Ray Hernandez, senior vice president of business development at Consensys, pointed out during the same panel that despite their growth trajectory, stablecoin cards still represent less than 1% of global card spend. Timoney emphasized Latin America as a primary market for adoption, with stablecoin cards being utilized across custodial and non-custodial wallets, crypto exchanges, and products abstracting the stablecoin experience from users.

Transactions often result in merchants receiving fiat currency, distinguishing these activities from direct crypto push payments that require managing crypto settlement and volatility directly. Behind-the-scenes changes are notable as well; Rain states that stablecoin settlement enables card programs to settle transactions on weekends and holidays, reducing trapped capital by more than 40% in some instances.

Traditional card programs typically pre-fund or borrow during banking closures, whereas stablecoins operate beyond bank cut-off times. This flexibility can enhance rewards and overall card economics, Timoney noted.

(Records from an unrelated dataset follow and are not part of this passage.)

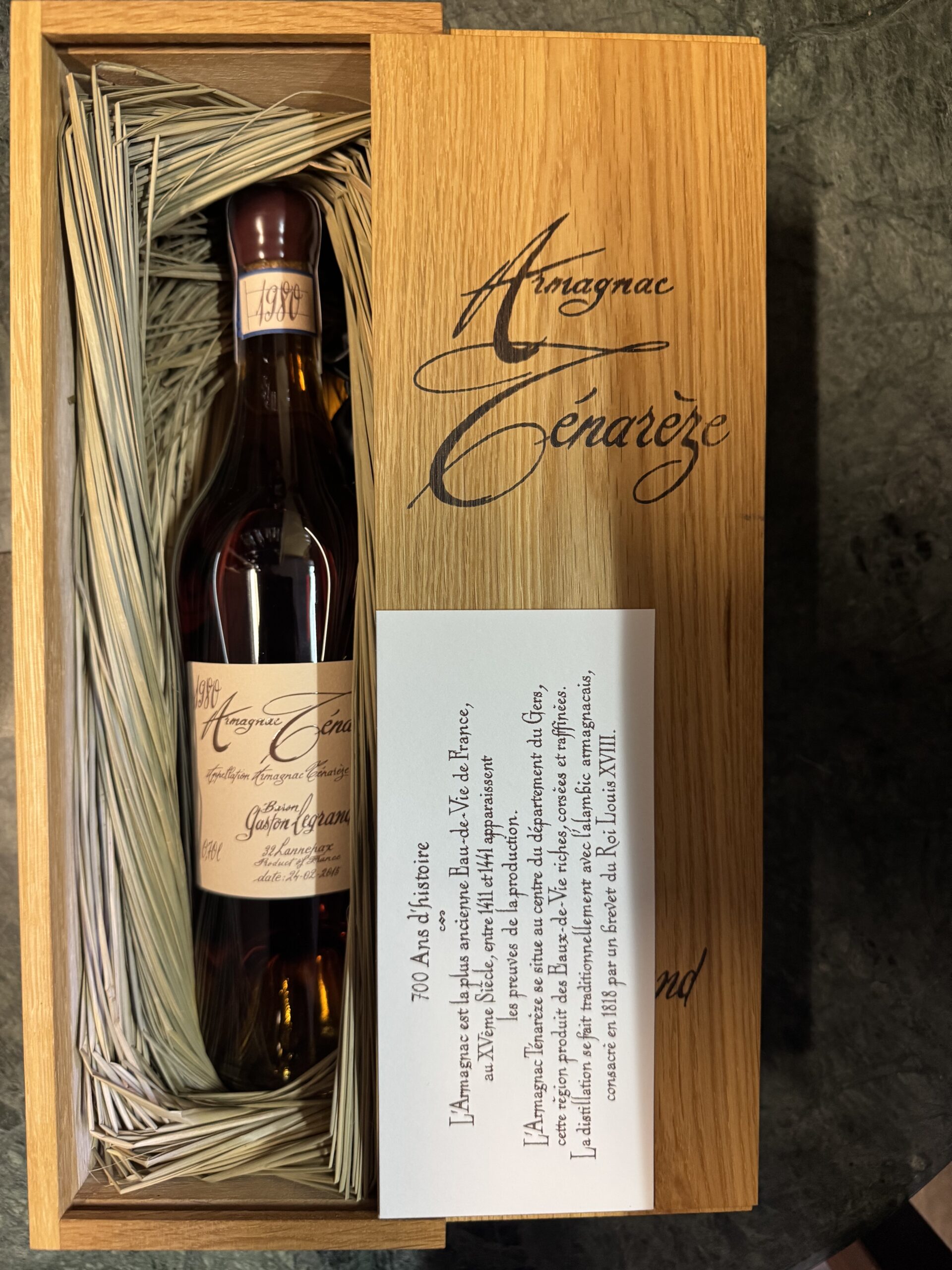 Bas Armagnac Tenareze 1980 ponúka bohatú chuť s tónmi sliviek, vanilky a jemného korenia.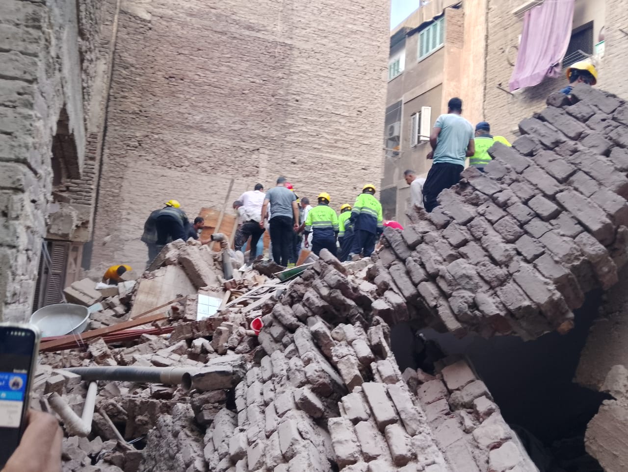 انهار عقار كليا بمنطقة الزيتون في محافظة القاهرة، وسط رعب وذعر أهالي المنطقة.
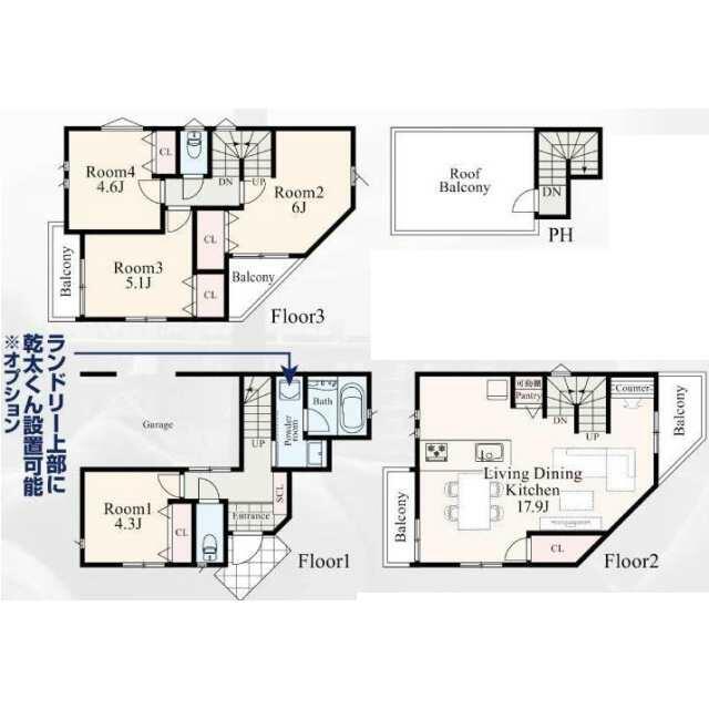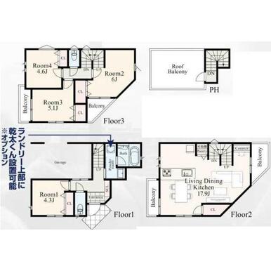 | 間取り(内訳) | 4LDK(洋6/5.1/4.6/4.3LDK17.9) | 建物面積 | 111.15㎡ |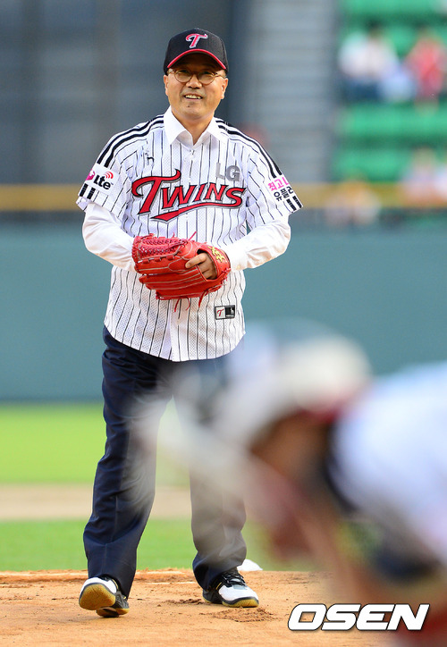 22일 오후 서울 잠실구장에서 열린 '2012 팔도 프로야구' LG 트윈스와 넥센 히어로즈의 경기, 경기전 프로야구 메인 스폰서 팔도 최재문 대표이사가 시구를 마치고 미소짓고 있다.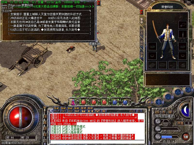 郑重申明,本游戏为暗夜,暴雪团队打造的全新版本,我们将延续去年的管理模式和开区模式。严格打击仿造本服的一切游戏!本版本在老版本的基础上加以全面升级、仿盛大基础上传承传统版本精华,吸收无数版本之精华经过2个月的公司内部内测、修改才打造出如今的传奇!下面介绍一下本服的各个技术要领。请各位喜欢高人气、真正千人在线的传奇服仔细查看!(本服为暗夜(暴雪)团队负责经营)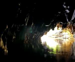 ゴムボートみたいな船に乗って土ボタルが輝く洞窟を散策できます。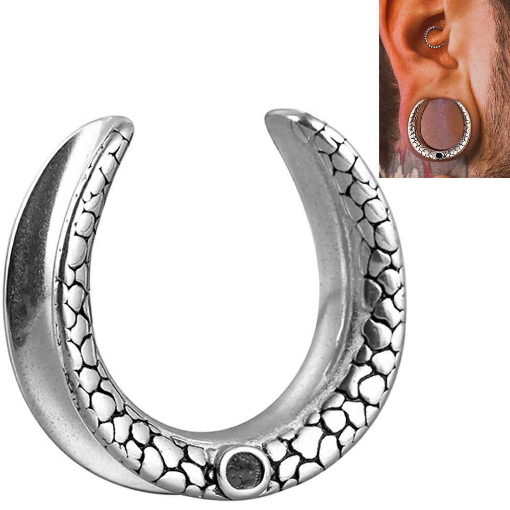 [0G 00G 12mm ステンレス ボディピアス] スネークスキンハーフフレア ボディーピアス 1個販売 半月方 三日月型 メンズ レディース 男子 女の子 個性的 ホールピアス 0ゲージ 00ゲージ 12ミリ 銀色 へび ヘビ 蛇 スネイク 巳年 年末年始 サージカルステンレス316L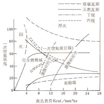 各種瓦斯之爆炸 (燃燒) 界限 |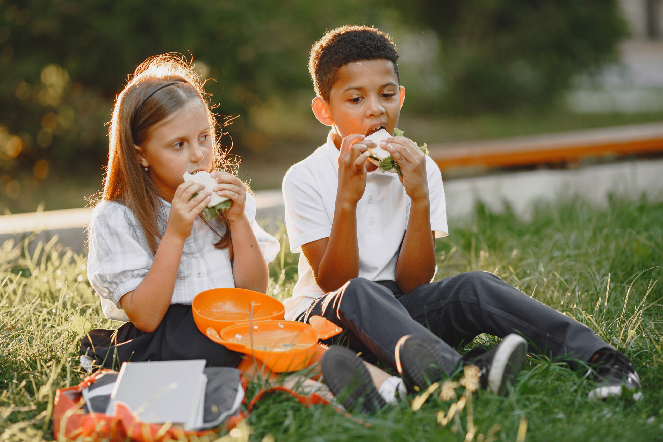 Original size is 2560 × 1707 pixelsMixed-races boy and little girl. Junior students in a schoolyard. Pretty Caucasian girl. African American cute boy in white t-shirt. Pupils concept

Mastercard is advancing its involvement with stablecoin payments, having recently integrated Binance, PayPal, and Ripple into its blockchain payment initiatives and acquiring stablecoin infrastructure firm BVNK for up to $1.8 billion earlier this year.

Christian Rau, Mastercard’s senior vice president of digital assets and blockchain, emphasized that mainstream adoption hinges on making the technology invisible to consumers. “The norm is a card on your iPhone or Android, where the transaction happens seamlessly,” Rau explained. The consumer experience should focus not on being an onchain payment but rather enabling real-time spending with expected network protections.

Hernandez highlighted the need for easier access points and abstracted fees to advance further adoption, noting that current crypto card users are predominantly crypto-native individuals who already manage assets on-chain. MetaMask is expanding its self-custody strategy through cards developed in partnership with Mastercard and Baanx, allowing spending from a self-custodial wallet with asset conversion into fiat at the point of purchase.

Mark Zalan, CEO of GoMining, challenged this approach by advocating for direct bitcoin usage without converting to stablecoins or using off-ramps. He critiqued intermediaries as “little helpers” that charge transaction fees and viewed consumer protection within card transactions as a form of rent-seeking.

Timoney countered that payments encompass more than just money movement, including handling chargebacks and merchant risk. Rau agreed, noting that most consumers expect payment experiences to include interoperability, safety, and security, akin to deposit insurance and chargeback protections.